** Opening INPUT DATA block **

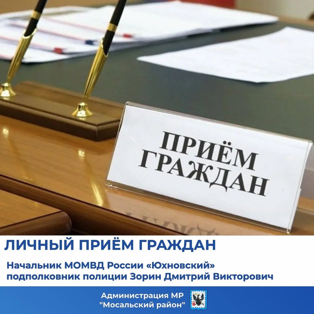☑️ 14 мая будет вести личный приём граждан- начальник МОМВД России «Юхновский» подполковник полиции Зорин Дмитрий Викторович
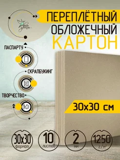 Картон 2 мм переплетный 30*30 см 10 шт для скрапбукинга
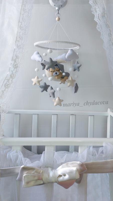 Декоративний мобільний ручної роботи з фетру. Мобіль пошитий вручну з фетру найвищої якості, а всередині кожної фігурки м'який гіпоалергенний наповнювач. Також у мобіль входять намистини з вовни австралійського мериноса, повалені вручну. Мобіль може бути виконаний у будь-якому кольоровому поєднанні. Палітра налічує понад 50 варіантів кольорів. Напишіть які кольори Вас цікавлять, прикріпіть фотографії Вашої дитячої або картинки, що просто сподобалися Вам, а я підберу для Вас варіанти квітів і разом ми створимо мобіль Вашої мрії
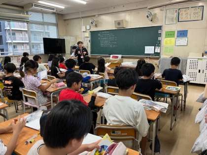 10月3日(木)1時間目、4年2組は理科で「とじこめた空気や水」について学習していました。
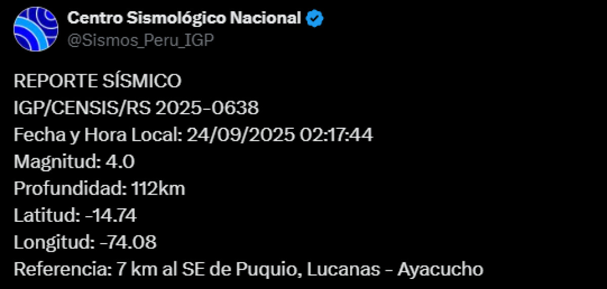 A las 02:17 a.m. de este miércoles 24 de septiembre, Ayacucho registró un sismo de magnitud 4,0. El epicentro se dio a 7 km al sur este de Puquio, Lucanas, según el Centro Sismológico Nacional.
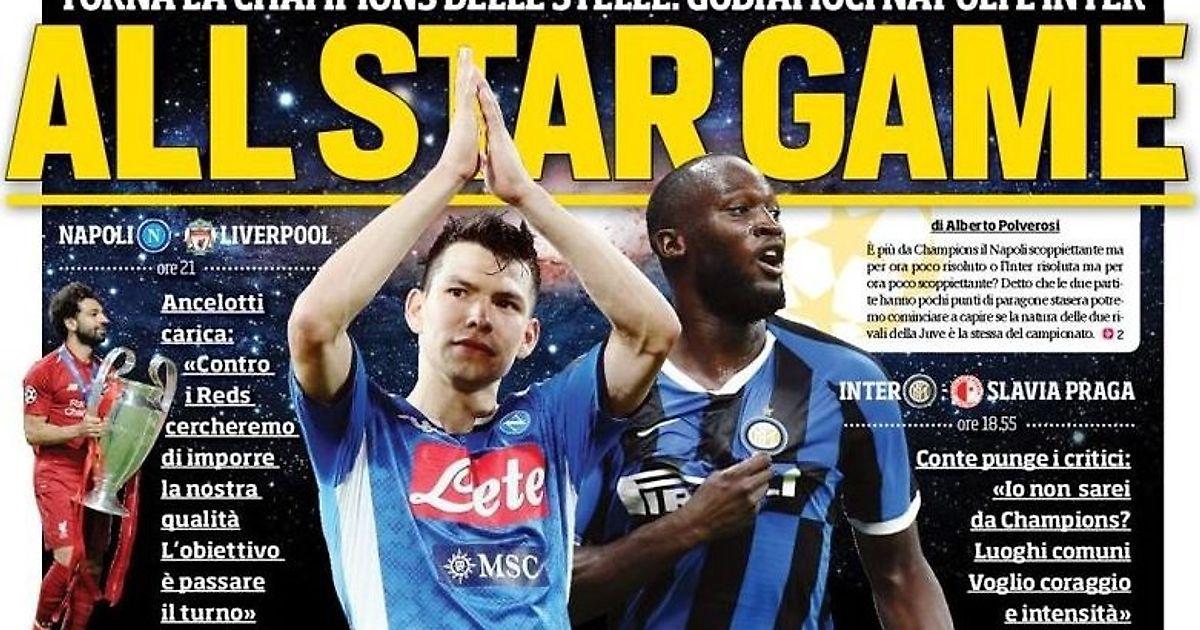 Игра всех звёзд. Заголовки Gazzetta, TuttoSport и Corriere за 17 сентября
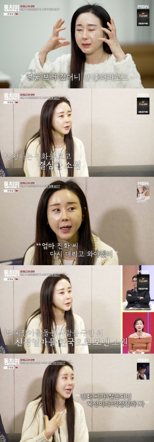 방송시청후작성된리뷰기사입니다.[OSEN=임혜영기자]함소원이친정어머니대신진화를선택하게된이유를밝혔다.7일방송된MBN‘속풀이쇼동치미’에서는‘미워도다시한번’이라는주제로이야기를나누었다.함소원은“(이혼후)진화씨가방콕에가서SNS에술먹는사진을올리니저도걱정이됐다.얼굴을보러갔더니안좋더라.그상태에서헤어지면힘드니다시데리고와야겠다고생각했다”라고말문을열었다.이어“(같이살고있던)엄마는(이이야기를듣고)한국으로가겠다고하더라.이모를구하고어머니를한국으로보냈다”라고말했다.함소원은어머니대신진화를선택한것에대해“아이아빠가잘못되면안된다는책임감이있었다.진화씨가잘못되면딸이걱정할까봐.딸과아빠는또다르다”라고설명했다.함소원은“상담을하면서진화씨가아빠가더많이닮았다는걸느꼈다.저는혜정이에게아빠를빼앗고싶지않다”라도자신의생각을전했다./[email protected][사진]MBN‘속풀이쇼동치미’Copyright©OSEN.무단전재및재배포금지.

** Closing INPUT DATA block **
** Opening INPUT DATA block **

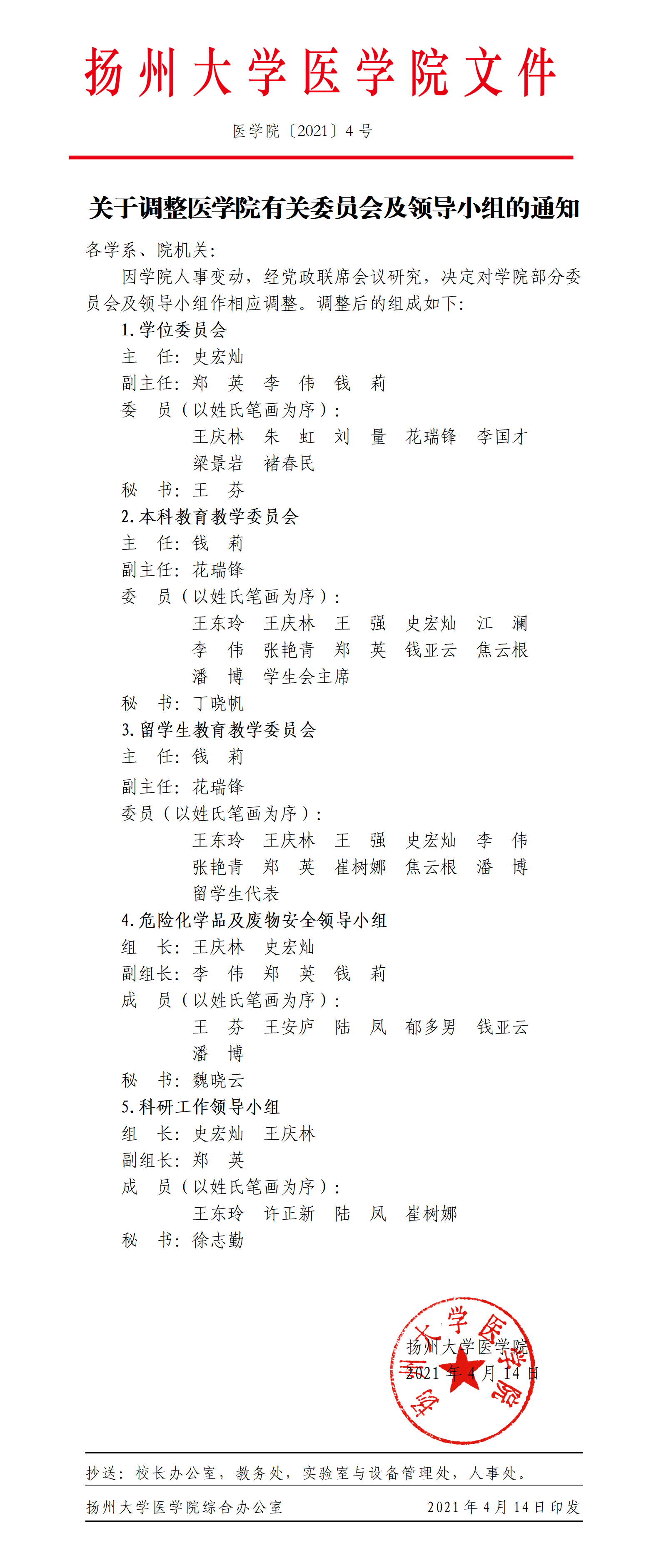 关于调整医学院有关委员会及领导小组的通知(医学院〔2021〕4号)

** Closing INPUT DATA block **

## EXERCISE INSTRUCTIONS:
From the records above, transcribe exactly the lines starting at the one containing "Картон 2 мм" and ending at the one containing "방송시청후작성된리뷰기사입니". Skip the pictures.

## OUTPUT OF THE EXERCISE:
 Картон 2 мм переплетный 30*30 см 10 шт для скрапбукинга
 Декоративний мобільний ручної роботи з фетру. Мобіль пошитий вручну з фетру найвищої якості, а всередині кожної фігурки м'який гіпоалергенний наповнювач. Також у мобіль входять намистини з вовни австралійського мериноса, повалені вручну. Мобіль може бути виконаний у будь-якому кольоровому поєднанні. Палітра налічує понад 50 варіантів кольорів. Напишіть які кольори Вас цікавлять, прикріпіть фотографії Вашої дитячої або картинки, що просто сподобалися Вам, а я підберу для Вас варіанти квітів і разом ми створимо мобіль Вашої мрії
 10月3日(木)1時間目、4年2組は理科で「とじこめた空気や水」について学習していました。
 A las 02:17 a.m. de este miércoles 24 de septiembre, Ayacucho registró un sismo de magnitud 4,0. El epicentro se dio a 7 km al sur este de Puquio, Lucanas, según el Centro Sismológico Nacional.
 Игра всех звёзд. Заголовки Gazzetta, TuttoSport и Corriere за 17 сентября
 방송시청후작성된리뷰기사입니다.[OSEN=임혜영기자]함소원이친정어머니대신진화를선택하게된이유를밝혔다.7일방송된MBN‘속풀이쇼동치미’에서는‘미워도다시한번’이라는주제로이야기를나누었다.함소원은“(이혼후)진화씨가방콕에가서SNS에술먹는사진을올리니저도걱정이됐다.얼굴을보러갔더니안좋더라.그상태에서헤어지면힘드니다시데리고와야겠다고생각했다”라고말문을열었다.이어“(같이살고있던)엄마는(이이야기를듣고)한국으로가겠다고하더라.이모를구하고어머니를한국으로보냈다”라고말했다.함소원은어머니대신진화를선택한것에대해“아이아빠가잘못되면안된다는책임감이있었다.진화씨가잘못되면딸이걱정할까봐.딸과아빠는또다르다”라고설명했다.함소원은“상담을하면서진화씨가아빠가더많이닮았다는걸느꼈다.저는혜정이에게아빠를빼앗고싶지않다”라도자신의생각을전했다./[email protected][사진]MBN‘속풀이쇼동치미’Copyright©OSEN.무단전재및재배포금지.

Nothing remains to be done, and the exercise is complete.